WHAT IS REQUIRED
Starting at the top of the listing below, copy each line exactly, stopping after the line that contains "- 내부 단편화 : 분할된".
______________________________
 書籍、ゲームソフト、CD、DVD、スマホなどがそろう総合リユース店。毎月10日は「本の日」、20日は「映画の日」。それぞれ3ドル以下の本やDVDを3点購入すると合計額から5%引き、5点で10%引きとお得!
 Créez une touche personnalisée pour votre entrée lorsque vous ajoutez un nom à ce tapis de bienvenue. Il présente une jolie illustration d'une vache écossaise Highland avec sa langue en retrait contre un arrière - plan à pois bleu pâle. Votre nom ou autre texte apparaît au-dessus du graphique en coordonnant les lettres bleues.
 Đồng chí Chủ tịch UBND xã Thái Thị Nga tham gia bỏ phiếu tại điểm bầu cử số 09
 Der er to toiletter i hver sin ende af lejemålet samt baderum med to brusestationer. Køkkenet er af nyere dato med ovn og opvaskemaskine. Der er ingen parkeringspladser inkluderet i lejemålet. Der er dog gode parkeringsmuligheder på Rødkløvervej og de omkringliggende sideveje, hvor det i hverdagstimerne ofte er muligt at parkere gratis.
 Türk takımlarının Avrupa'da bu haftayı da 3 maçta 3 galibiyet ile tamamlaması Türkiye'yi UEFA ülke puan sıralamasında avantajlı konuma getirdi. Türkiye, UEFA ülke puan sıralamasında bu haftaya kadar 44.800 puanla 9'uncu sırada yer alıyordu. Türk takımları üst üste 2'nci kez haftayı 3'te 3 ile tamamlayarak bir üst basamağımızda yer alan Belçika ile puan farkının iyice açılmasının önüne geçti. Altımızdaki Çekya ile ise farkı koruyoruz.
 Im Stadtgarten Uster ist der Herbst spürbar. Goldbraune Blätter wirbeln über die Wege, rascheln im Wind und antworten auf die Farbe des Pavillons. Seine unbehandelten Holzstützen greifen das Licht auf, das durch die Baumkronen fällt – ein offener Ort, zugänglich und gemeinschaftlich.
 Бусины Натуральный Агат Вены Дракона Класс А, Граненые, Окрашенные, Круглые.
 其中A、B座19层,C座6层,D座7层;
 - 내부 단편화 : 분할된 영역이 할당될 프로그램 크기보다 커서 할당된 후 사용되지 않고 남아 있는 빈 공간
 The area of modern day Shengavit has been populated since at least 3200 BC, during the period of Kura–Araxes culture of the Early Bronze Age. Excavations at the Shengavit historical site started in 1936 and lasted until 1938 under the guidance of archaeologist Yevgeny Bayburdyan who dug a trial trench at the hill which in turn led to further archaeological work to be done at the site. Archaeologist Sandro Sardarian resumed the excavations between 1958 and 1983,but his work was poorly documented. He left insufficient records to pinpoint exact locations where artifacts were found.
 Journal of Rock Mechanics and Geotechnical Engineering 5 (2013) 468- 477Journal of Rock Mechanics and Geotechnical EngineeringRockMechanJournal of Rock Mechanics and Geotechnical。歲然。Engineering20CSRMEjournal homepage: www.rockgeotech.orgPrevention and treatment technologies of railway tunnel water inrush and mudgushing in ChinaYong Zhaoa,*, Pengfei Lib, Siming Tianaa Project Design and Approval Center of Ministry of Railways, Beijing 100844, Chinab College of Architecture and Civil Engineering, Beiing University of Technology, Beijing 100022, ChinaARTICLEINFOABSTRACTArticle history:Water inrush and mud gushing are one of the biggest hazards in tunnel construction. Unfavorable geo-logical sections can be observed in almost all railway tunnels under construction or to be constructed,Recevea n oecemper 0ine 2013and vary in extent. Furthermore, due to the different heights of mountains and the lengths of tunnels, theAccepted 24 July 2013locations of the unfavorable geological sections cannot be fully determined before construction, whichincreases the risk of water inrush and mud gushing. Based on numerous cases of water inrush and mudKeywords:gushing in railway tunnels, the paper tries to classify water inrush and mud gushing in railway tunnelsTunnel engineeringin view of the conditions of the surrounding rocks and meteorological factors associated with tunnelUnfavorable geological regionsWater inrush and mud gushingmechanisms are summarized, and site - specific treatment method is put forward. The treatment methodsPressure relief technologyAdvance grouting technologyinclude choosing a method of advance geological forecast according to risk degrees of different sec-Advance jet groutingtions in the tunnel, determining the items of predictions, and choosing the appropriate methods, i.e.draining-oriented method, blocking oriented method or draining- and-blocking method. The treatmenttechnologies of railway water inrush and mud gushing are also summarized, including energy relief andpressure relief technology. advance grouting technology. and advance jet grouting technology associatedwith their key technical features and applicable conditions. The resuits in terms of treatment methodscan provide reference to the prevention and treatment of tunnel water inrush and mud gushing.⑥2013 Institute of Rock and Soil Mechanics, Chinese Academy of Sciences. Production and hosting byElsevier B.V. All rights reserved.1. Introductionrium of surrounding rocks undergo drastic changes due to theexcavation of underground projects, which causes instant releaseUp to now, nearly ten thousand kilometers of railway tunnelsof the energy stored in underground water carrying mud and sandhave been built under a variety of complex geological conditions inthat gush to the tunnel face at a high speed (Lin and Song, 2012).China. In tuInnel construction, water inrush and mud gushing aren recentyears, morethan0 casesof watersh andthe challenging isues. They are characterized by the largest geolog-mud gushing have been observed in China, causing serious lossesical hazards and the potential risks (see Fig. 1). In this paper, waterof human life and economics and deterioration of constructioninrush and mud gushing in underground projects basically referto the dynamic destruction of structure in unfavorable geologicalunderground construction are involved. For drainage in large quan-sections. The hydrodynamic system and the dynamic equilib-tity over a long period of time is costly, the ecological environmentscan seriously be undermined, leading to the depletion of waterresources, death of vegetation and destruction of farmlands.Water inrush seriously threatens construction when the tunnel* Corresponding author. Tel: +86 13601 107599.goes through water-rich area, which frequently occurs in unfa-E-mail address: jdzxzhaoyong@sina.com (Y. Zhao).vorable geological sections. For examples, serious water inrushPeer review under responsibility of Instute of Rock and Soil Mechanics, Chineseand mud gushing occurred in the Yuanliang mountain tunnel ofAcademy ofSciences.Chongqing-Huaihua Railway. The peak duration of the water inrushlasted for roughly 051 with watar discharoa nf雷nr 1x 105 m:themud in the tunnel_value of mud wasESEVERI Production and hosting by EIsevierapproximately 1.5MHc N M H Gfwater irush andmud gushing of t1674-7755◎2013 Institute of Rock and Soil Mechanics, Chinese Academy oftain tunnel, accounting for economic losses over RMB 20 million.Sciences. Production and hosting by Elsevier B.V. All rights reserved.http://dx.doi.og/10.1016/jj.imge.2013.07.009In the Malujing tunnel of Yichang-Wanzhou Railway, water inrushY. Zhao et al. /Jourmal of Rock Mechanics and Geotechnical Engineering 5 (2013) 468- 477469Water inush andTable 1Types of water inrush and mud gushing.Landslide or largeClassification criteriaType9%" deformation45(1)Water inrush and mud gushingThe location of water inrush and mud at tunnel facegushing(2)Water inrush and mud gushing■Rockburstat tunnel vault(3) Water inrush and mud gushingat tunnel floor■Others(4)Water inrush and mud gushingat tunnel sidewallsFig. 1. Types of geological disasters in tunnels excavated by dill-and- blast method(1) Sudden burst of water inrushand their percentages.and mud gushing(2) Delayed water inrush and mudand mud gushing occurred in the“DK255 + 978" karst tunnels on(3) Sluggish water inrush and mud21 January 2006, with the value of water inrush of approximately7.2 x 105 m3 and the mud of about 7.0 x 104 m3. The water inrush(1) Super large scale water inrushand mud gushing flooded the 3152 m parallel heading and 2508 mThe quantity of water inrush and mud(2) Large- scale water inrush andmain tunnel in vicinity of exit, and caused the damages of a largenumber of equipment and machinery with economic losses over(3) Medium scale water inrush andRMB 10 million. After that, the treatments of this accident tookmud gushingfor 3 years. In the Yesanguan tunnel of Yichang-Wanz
______________________________
EXERCISE ANSWER
 書籍、ゲームソフト、CD、DVD、スマホなどがそろう総合リユース店。毎月10日は「本の日」、20日は「映画の日」。それぞれ3ドル以下の本やDVDを3点購入すると合計額から5%引き、5点で10%引きとお得!
 Créez une touche personnalisée pour votre entrée lorsque vous ajoutez un nom à ce tapis de bienvenue. Il présente une jolie illustration d'une vache écossaise Highland avec sa langue en retrait contre un arrière - plan à pois bleu pâle. Votre nom ou autre texte apparaît au-dessus du graphique en coordonnant les lettres bleues.
 Đồng chí Chủ tịch UBND xã Thái Thị Nga tham gia bỏ phiếu tại điểm bầu cử số 09
 Der er to toiletter i hver sin ende af lejemålet samt baderum med to brusestationer. Køkkenet er af nyere dato med ovn og opvaskemaskine. Der er ingen parkeringspladser inkluderet i lejemålet. Der er dog gode parkeringsmuligheder på Rødkløvervej og de omkringliggende sideveje, hvor det i hverdagstimerne ofte er muligt at parkere gratis.
 Türk takımlarının Avrupa'da bu haftayı da 3 maçta 3 galibiyet ile tamamlaması Türkiye'yi UEFA ülke puan sıralamasında avantajlı konuma getirdi. Türkiye, UEFA ülke puan sıralamasında bu haftaya kadar 44.800 puanla 9'uncu sırada yer alıyordu. Türk takımları üst üste 2'nci kez haftayı 3'te 3 ile tamamlayarak bir üst basamağımızda yer alan Belçika ile puan farkının iyice açılmasının önüne geçti. Altımızdaki Çekya ile ise farkı koruyoruz.
 Im Stadtgarten Uster ist der Herbst spürbar. Goldbraune Blätter wirbeln über die Wege, rascheln im Wind und antworten auf die Farbe des Pavillons. Seine unbehandelten Holzstützen greifen das Licht auf, das durch die Baumkronen fällt – ein offener Ort, zugänglich und gemeinschaftlich.
 Бусины Натуральный Агат Вены Дракона Класс А, Граненые, Окрашенные, Круглые.
 其中A、B座19层,C座6层,D座7层;
 - 내부 단편화 : 분할된 영역이 할당될 프로그램 크기보다 커서 할당된 후 사용되지 않고 남아 있는 빈 공간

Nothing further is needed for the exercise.